In the United States 40% of food produced goes uneaten.  That equates to about 62.5 million tons of wasted food every year.  Meanwhile, there were 42.2 million people, including 13.1 million children, who did not have enough food to lead a healthy, active lifestyle in 2015.  Donating surplus wholesome food instead of throwing it in the trash can feed hungry people, save space in local landfills, and prevent the emission of harmful greenhouse gases that contribute to climate change.

State law allows the donation of surplus foods that are still fit for human consumption.  Permitted food facilities such as restaurants, hotels, grocery stores, food processing facilities, food distributors, and caterers may donate prepared foods to nonprofit charitable organizations, food banks, and directly to individuals.  Foods previously served to a consumer generally cannot be donated.

Individuals can donate uncooked, pre-packaged food products (e.g. canned food items) to a food bank or other nonprofit charitable organization for distribution to persons free of charge.
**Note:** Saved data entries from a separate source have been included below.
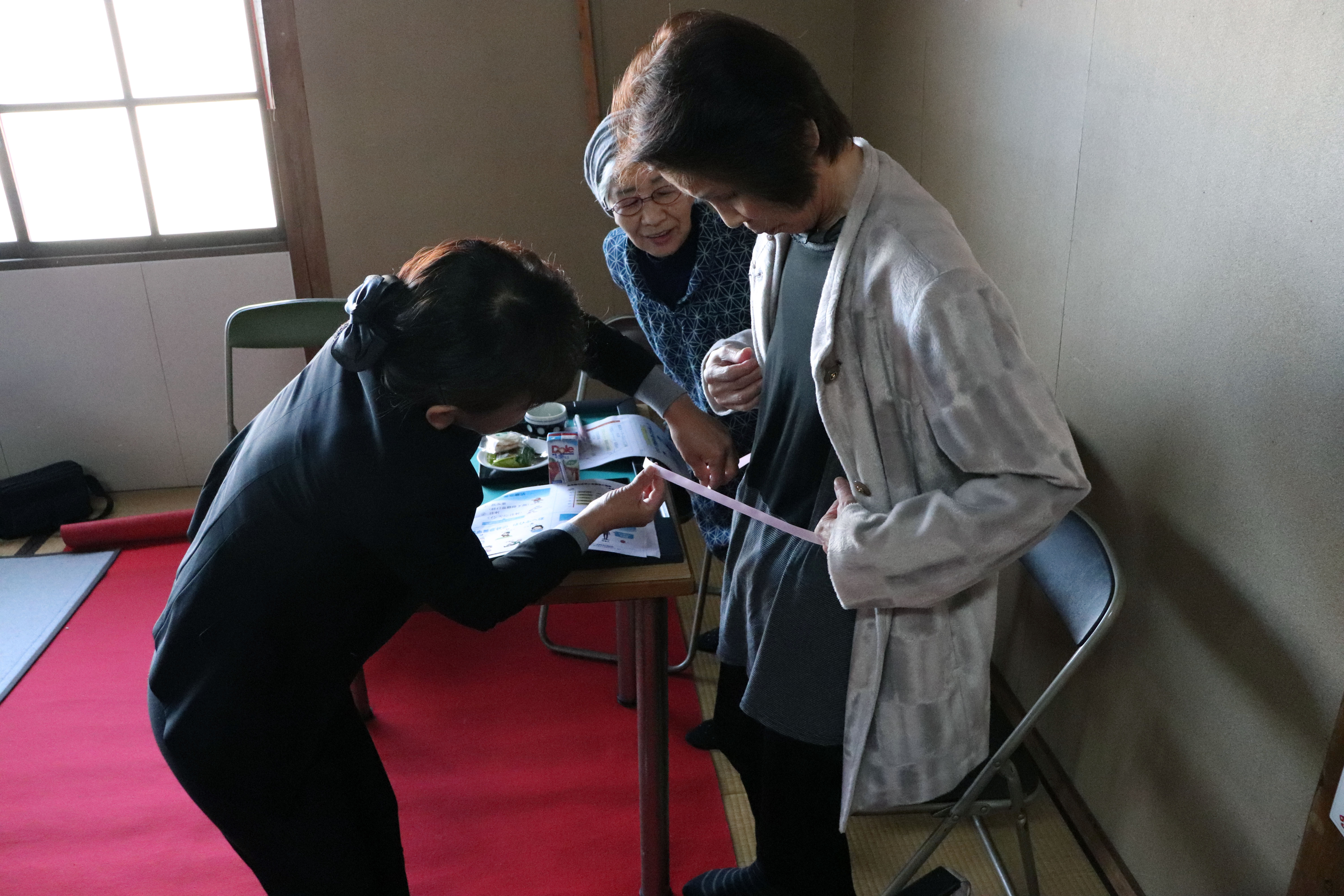 今回は、普段の食事に含まれる塩分量についてや、正しいインスリンの注射の仕方などについて、1時間程度講義をしました。講義の最後には、参加者の皆さまに自身のウエストについて話をし、実際にウエストを図るなど、熱心に聞いていただきました。
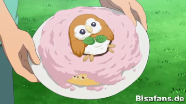 sonderlich erfreut darüber erhält er von Kiawes Mutter Sima ein Handtuch zum Abtrocknen. Sie erzählt freudig über die Pokémon auf der Farm und
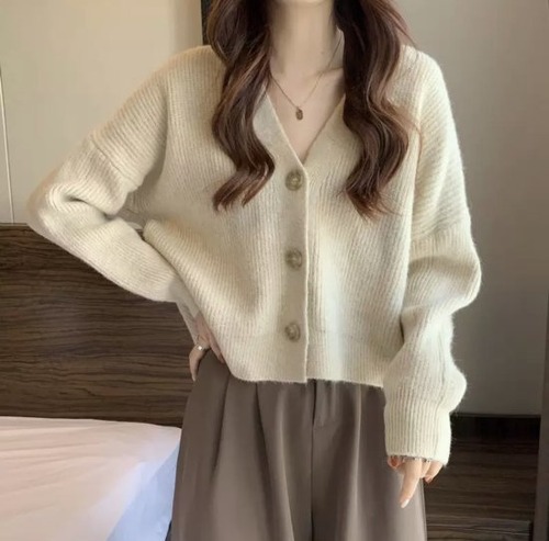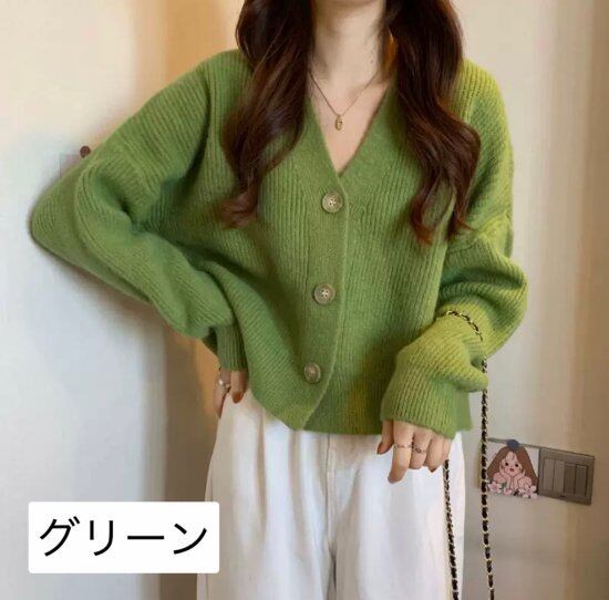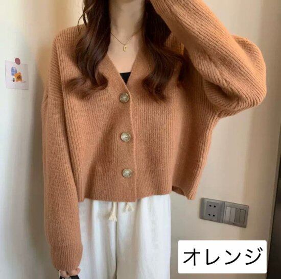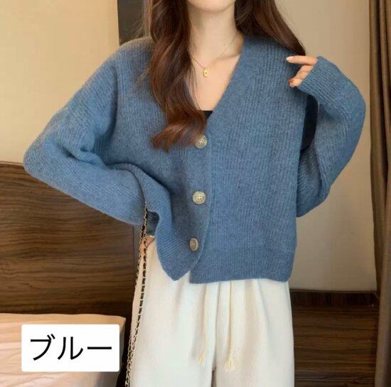 カーディガン レディース 無地 ニット アウター シンプル カジュアル ゆったり 大人 可愛い 前開き ボタン Vネック ショート丈 羽織り 長袖 秋冬 オーバーサイズ
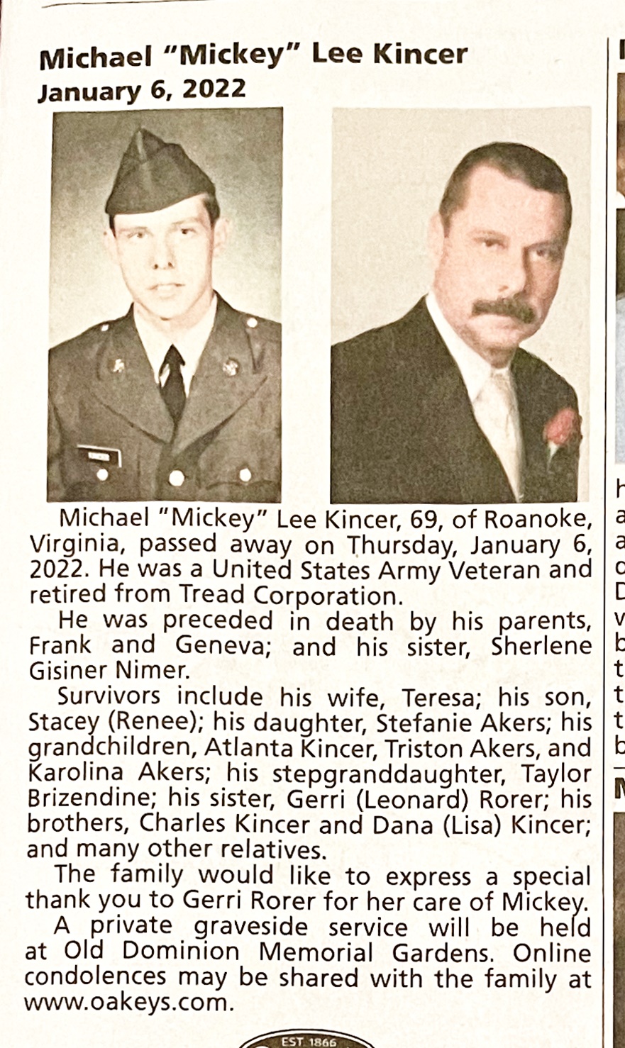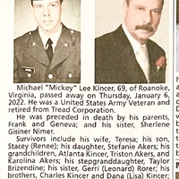 - Michael "Mickey" Lee Kincer was born to Frank and Geneva. He married Teresa. They had two children, Stacey and Stefanie Akers. Michael Kincer died on January 6, 2022, and is buried in Old Dominion Memorial Gardens. He lived in Roanoke.
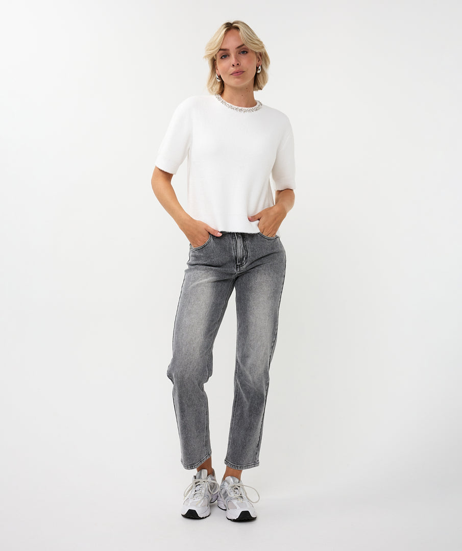 White short sleeve sweater with fancy neck line, cozy great for every day or dress up for the holidays
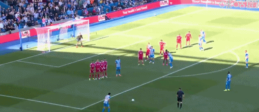第14分鐘,維爾貝克力壓科納特頭球破門,利物浦0-1落后布萊頓!
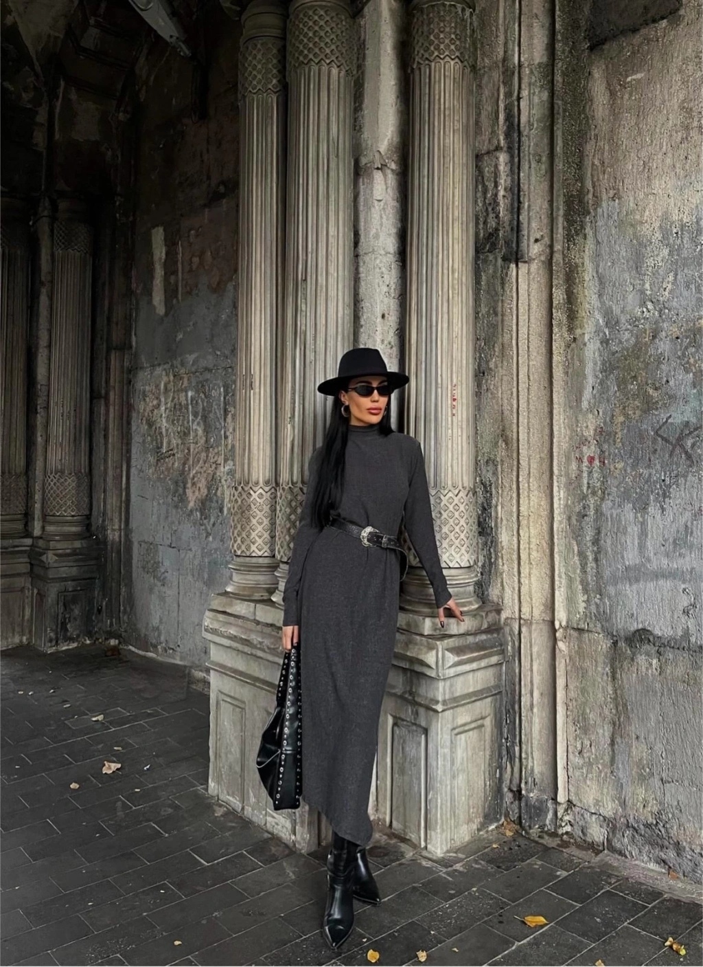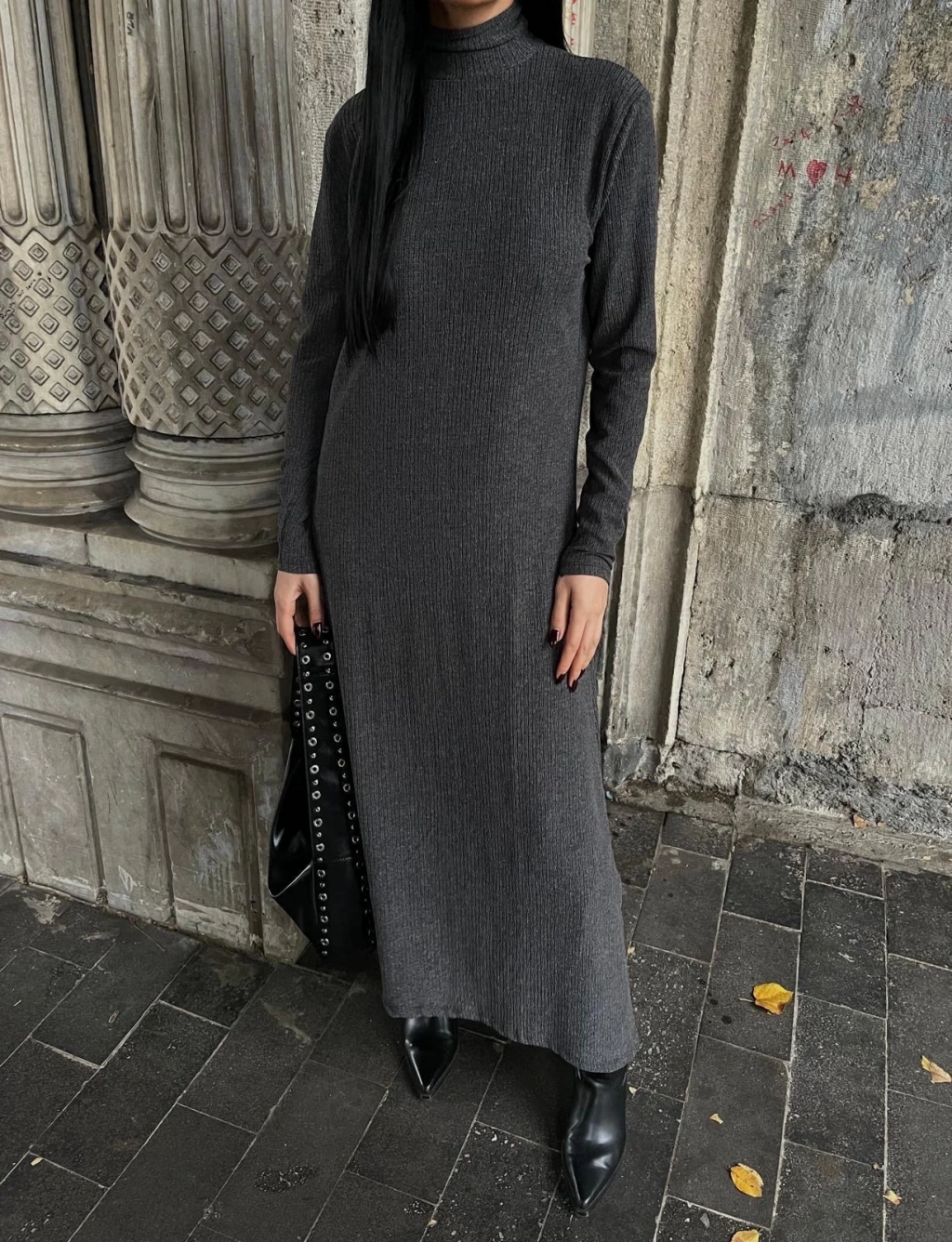 • Boğazlı kalın bürümcük uzun elbise siyah

AB1219:  California Good Samaritan Food Donation Act
On October 9, 2017, Governor Brown signed into law AB 1219 which expands liability protection to donations made by “food facilities” (which are subject to food safety regulations and inspections) directly to individuals for consumption. The new law also provides clarity by creating a more comprehensive list of entities covered by the law and explicitly stating that the donation of foods beyond their recommended labeled shelf life date is subject to liability protection.  It also requires environmental health specialists to educate regulated facilities about existing liability protections for food donors in order to increase the awareness of Good Samaritan laws for food donations.

AB1219 was effective as of January 1, 2018.  For the text of the new law see:
Donors must abide by federal, state, and local applicable laws and ordinances, including zoning.